= Shihab Nurun Nabi =

Bangladeshi art director and production designer

Shihab Nurun Nabi is a Bangladeshi art director and production designer known for his work in films, television commercials, and over-the-top (OTT) platforms. He received the National Film Award in 2021 for Best Art Direction for the film Nona Joler Kabbo.

== Career ==
Shihab Nurun Nabi began his career in art direction through a professional connection made during an event, where he was offered the opportunity to work on a television commercial. His first project involved designing a bank front desk set for a mobile operator advertisement, which received positive feedback and led to further opportunities.

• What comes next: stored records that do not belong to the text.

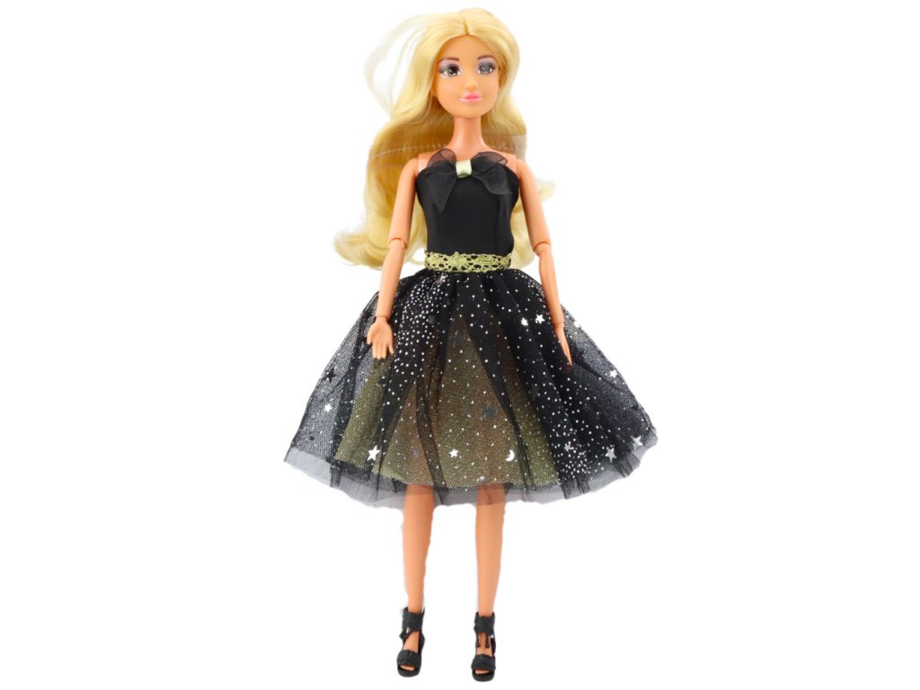 - Tato elegantní panenka ve stylových černých šatech s tylovou vrstvou zdobenou stříbrnými hvězdami a třpytkami zaujme na první pohled
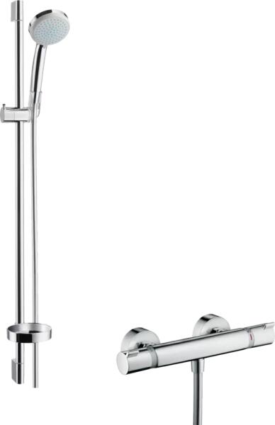 tartalmazza a következőket: kézizuhany, termosztátos zuhanycsaptelep, zuhanyrúd, zuhanytartó csúszka, szappantartó, zuhanytömlőfejzuhany mérete: 100 mmfejzuhany vízsugártípusa: normál vízsugár, Rain, Masszázs vízsugár, sampon vízsugárvízsugár fajta kiválasztása forgatható vízsugártárcsávalmaximális átfolyási mennyiség 3 bar mellett: 18 l/perczuhanytartó rúd: ke
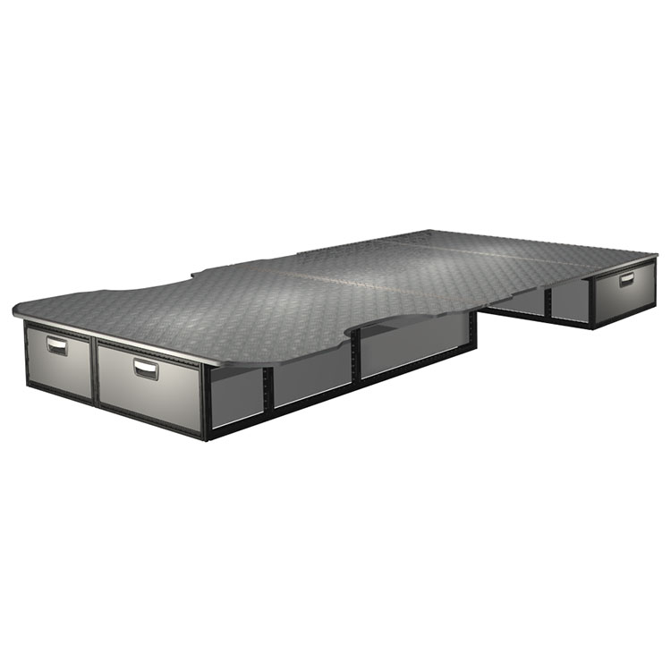The kit is designed to be fitted on top of a Modul-Floor, utilizing the floor rails for a non-intrusive installation. The double floor is equipped with rails for easy installation of vehicle racking, and edging strips for a nice finish.
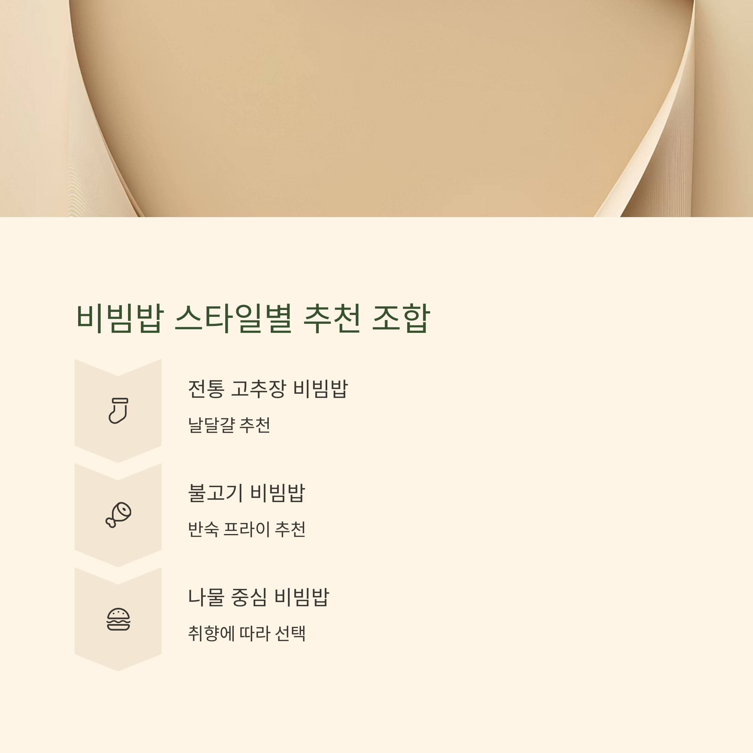 | 불고기 비빔밥 | 반숙 프라이 | 고기 풍미 강조 |
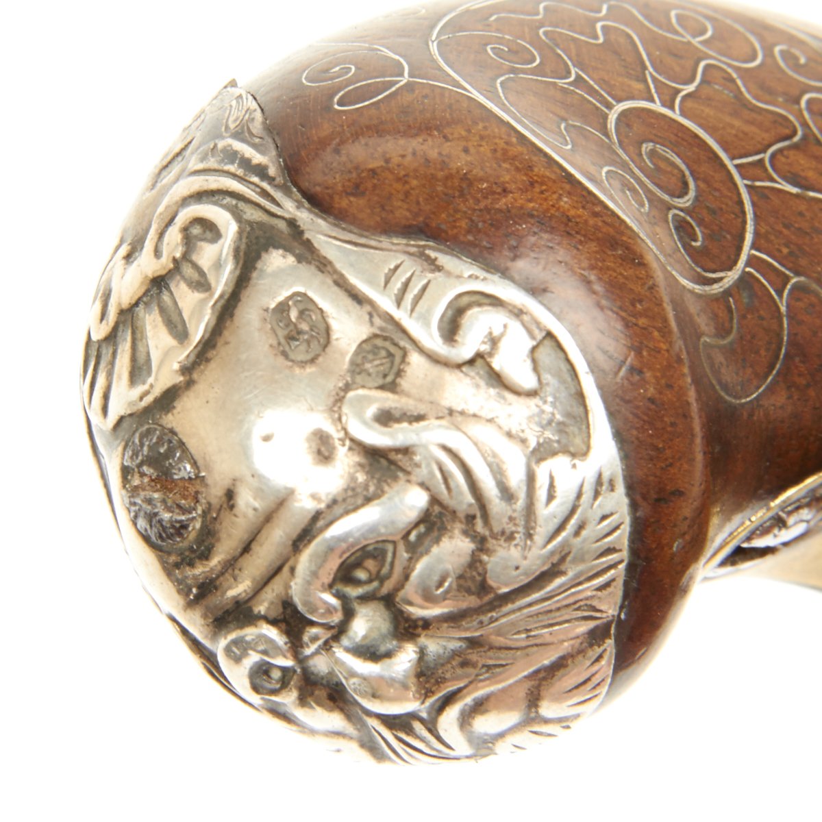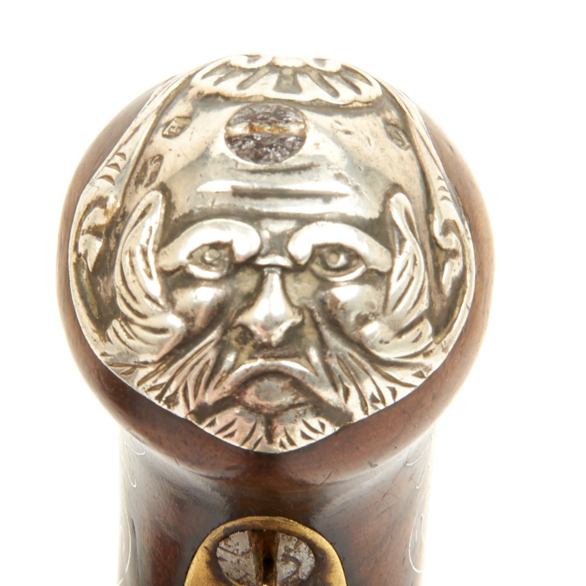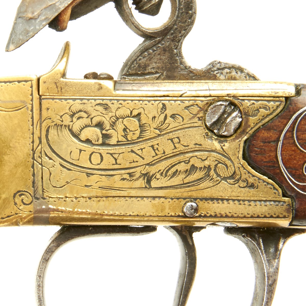 The flintlock ignition system in a brass box lock frame bears the maker's name JOYNER on one side and LONDON on the other. The walnut grips are heavily inlaid with silver wire decoration and the sterling silver mask butt caps. Each barrel is numbered 1-4 and 5-8. All barrels show correct British Proof marks of "Crown" over "V" (for viewed) on the underside.
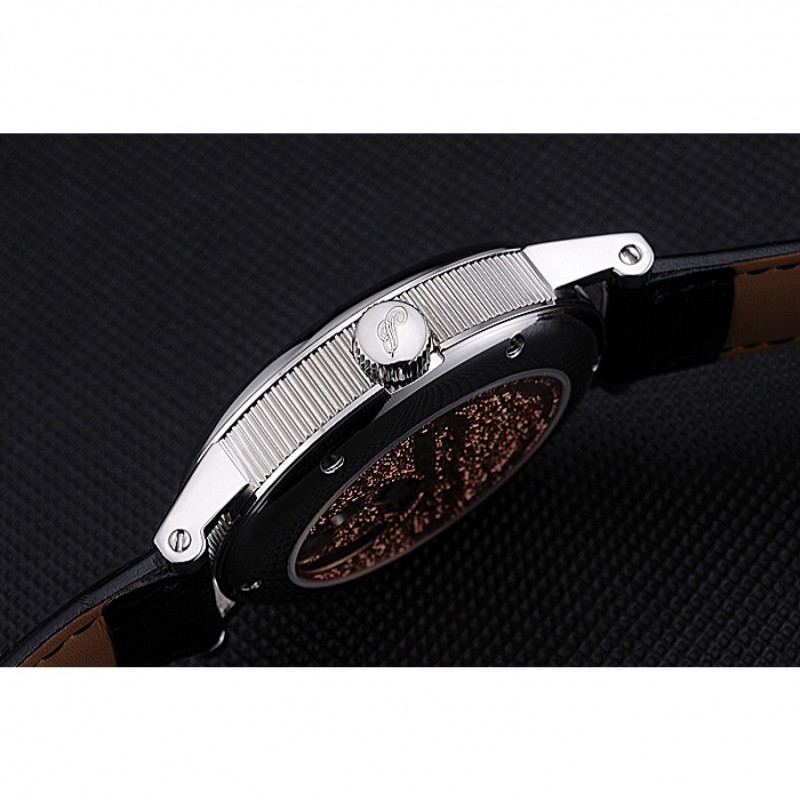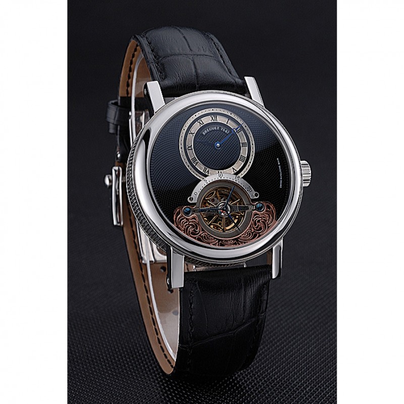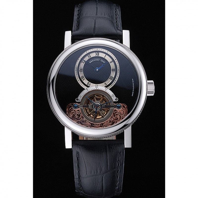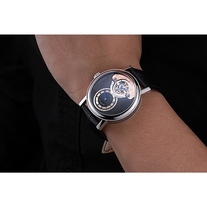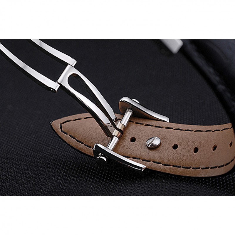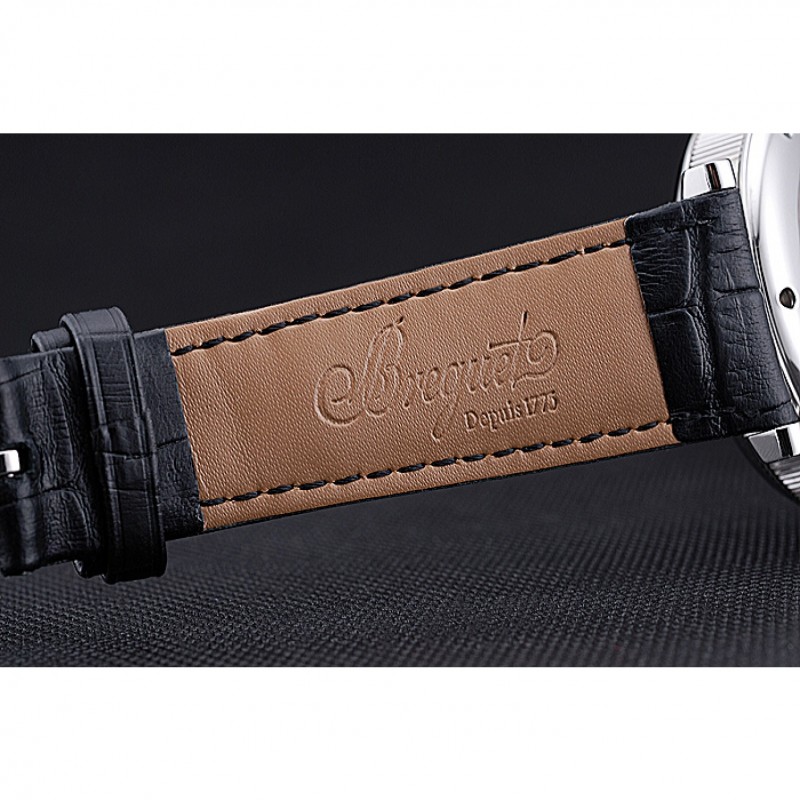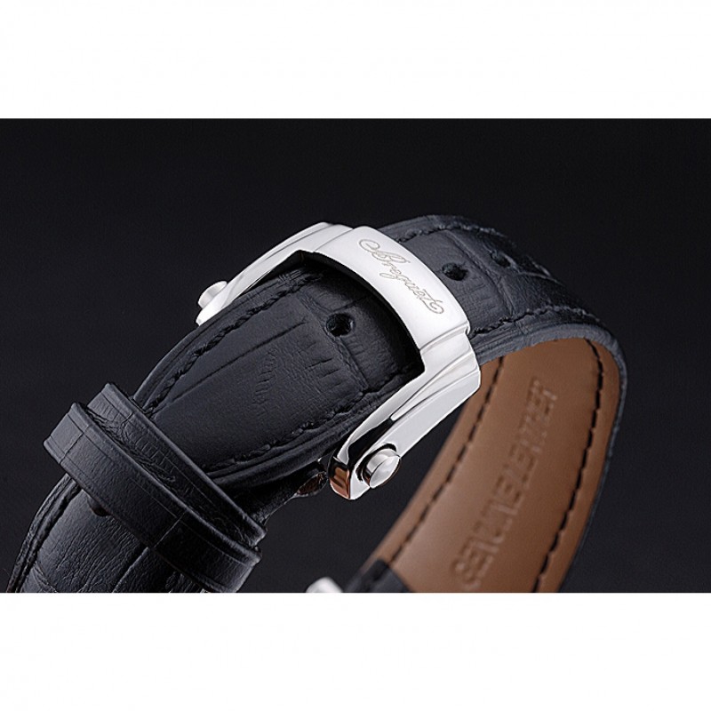 pulsera: correa de piel de cocodrilo negro en relieve de calor Breguet con Breguet grabado pulido gancho de acero inoxidable cierre
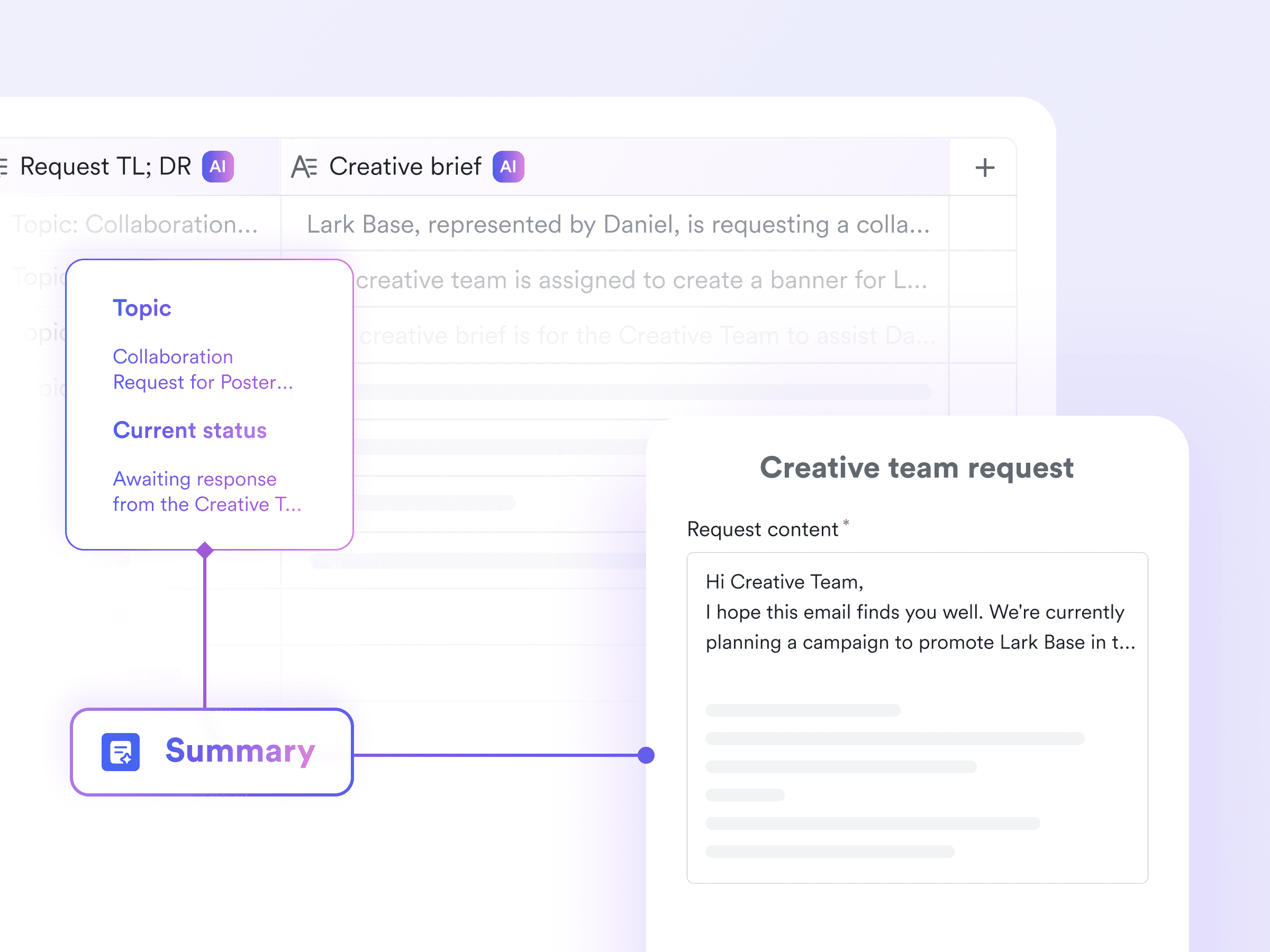 Automatically analyze and summarize requests you receive, extracting key points and user needs.
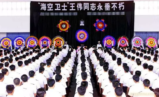 2001年4月26日,海南三亞,海軍舉行海上祭奠“??招l(wèi)士”王偉烈士活動。
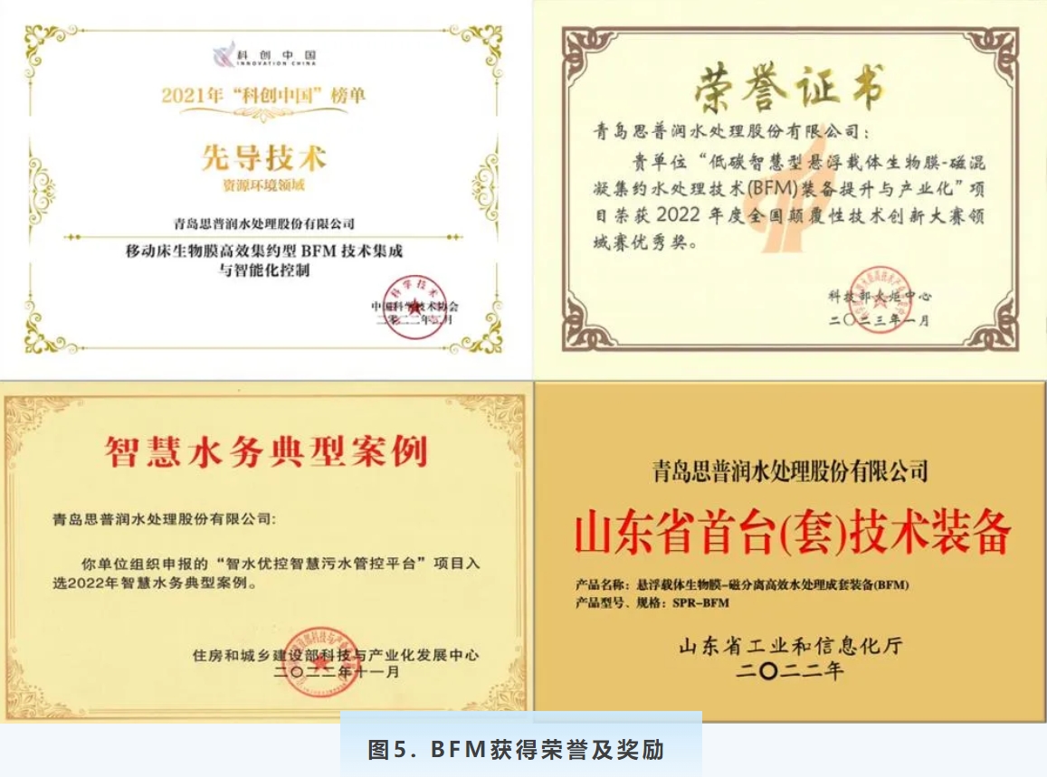 BFM工藝降低了 70%的土地占用,30%的碳排放,實現(xiàn)了100%的智慧管理。該工藝于2021年通過住建部科技與產(chǎn)業(yè)化發(fā)展中心組織的院士專家組鑒定達到“國際領(lǐng)先”水平,同年入選“科創(chuàng)中國”先導(dǎo)技術(shù)榜,獲2022年度全國顛覆性技術(shù)創(chuàng)新大賽領(lǐng)域賽優(yōu)秀獎、山東省建設(shè)科技創(chuàng)新成果競賽一等獎等榮譽,入選山東省首臺(套)技術(shù)裝備,獲專利密集型產(chǎn)品備案認定。
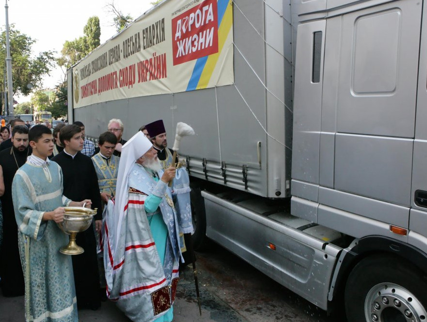 8 августа в 8:00 часов по ул. Преображенской, возле Свято-Успенского собора, состоялась отправка гуманитарной помощи от Одесской епархии и собранных продуктов для жителей Востока. Общественный совет при Одесской ОГА совместно с Одесской епархией и общественной организацией "Дорога жизни" отправили гуманитарную помощь мирным жителям в зону АТО.
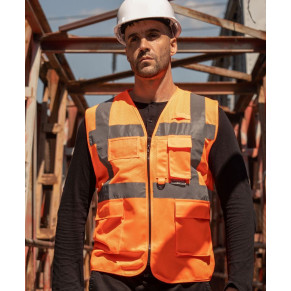 2 vrecká s chlopňami na suchý zips, 1 vrecko na mobilný telefón, priedušné sieťované vsadky, krúžok na pripevnenie karty, kľúčov, atď., certifikované podľa EN ISO 20471 2013 a A1 2016, 1 reflexný pruh cez každé rameno, reflexné pruhy každý 5cm široký okolo hrudníka a tela, dobre viditeľný materiál pod reflexnými pruhmi.
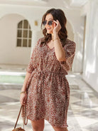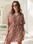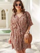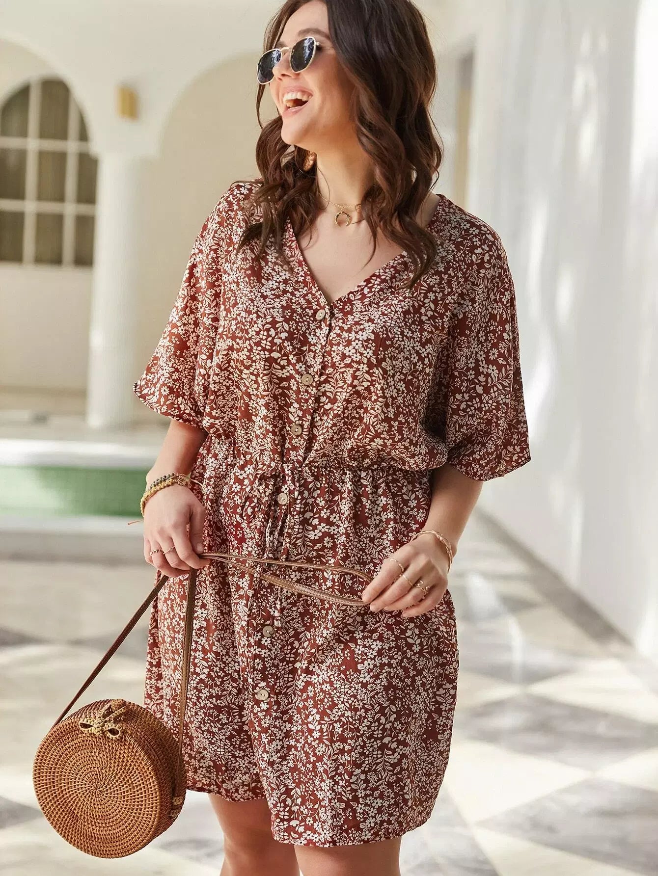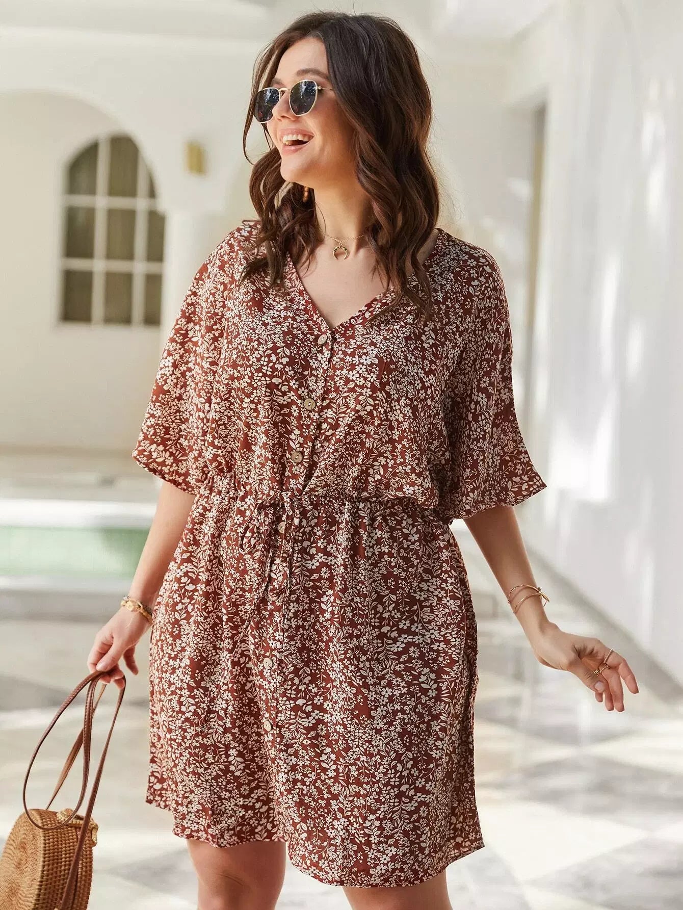 Plus V-neck Ditsy Floral Batwing Sleeve Dress

Following this, he joined Gao Productions and worked in art direction for television commercials for approximately two years. He later transitioned to freelance work, collaborating with several directors in the Bangladeshi advertising industry. Over time, Nabi contributed to nearly one thousand television commercials.

== Selected works ==

=== Films ===

- Nona Joler Kabbo
- Shonibar Bikel
- Matir Moyna
- Toofan
- Rickshaw Girl
- Fatima
- Taandob
- Chokkor
- Sincerely Yours, Dhaka
- Something Like an Autobiography

=== Short films ===

- Ali

=== Television, web series and OTT ===

- Mohanagar
- Mohanagar 2
- Kalpurush
- Black Money
- ANNiE

== Awards and recognition ==
Shihab Nurun Nabi received the National Film Award for Best Art Direction in 2021 for his work in Nona Joler Kabbo. The short film Ali, for which he served as production designer, received a Special Jury Mention at the Cannes Film Festival. He also received a BABISAS (Bangladesh Entertainment Journalist Association) Award for his contributions to art direction. He has been nominated for Best Art Direction at the Chorki Carnival for Something Like an Autobiography.